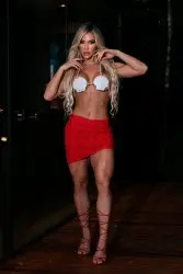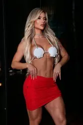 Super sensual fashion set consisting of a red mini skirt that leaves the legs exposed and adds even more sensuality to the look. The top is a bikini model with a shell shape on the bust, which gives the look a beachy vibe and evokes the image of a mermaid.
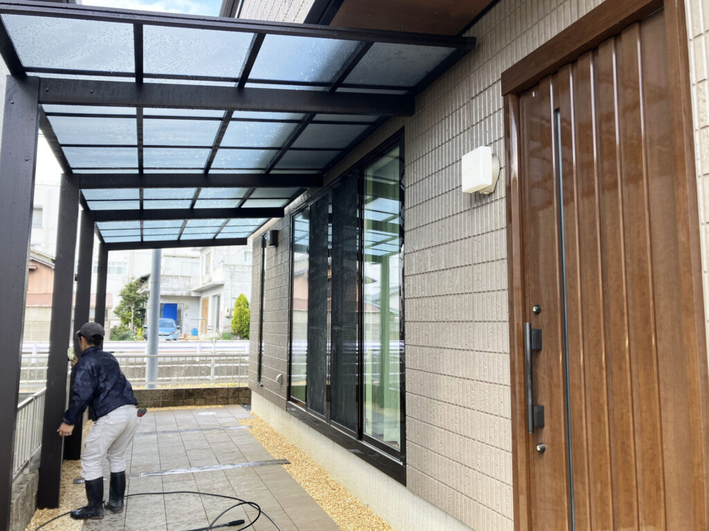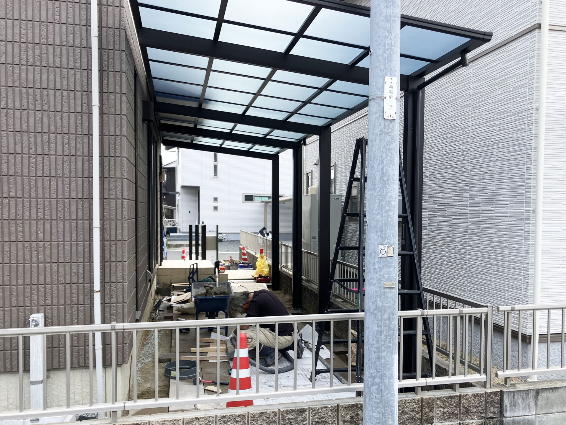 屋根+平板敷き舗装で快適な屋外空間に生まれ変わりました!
--
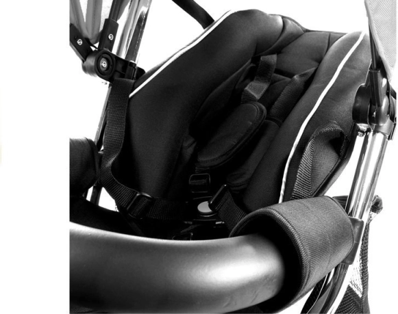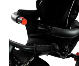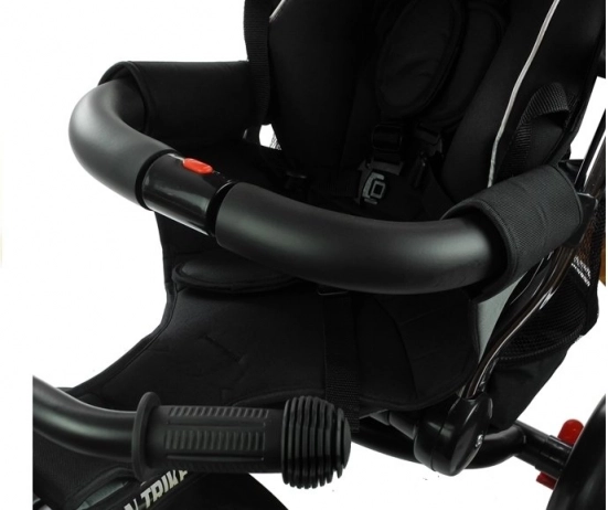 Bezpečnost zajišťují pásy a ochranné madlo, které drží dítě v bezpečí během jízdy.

▶ PROBLEM
Only one stretch of the material above is wanted: the line containing "Super sensual fashion" through the line containing "屋根+平板敷き舗装で快適な屋外空間に生まれ変わりました!". Restate it word for word, minus the pictures.

▶ REPLY TO THE EXERCISE
 Super sensual fashion set consisting of a red mini skirt that leaves the legs exposed and adds even more sensuality to the look. The top is a bikini model with a shell shape on the bust, which gives the look a beachy vibe and evokes the image of a mermaid.
 屋根+平板敷き舗装で快適な屋外空間に生まれ変わりました!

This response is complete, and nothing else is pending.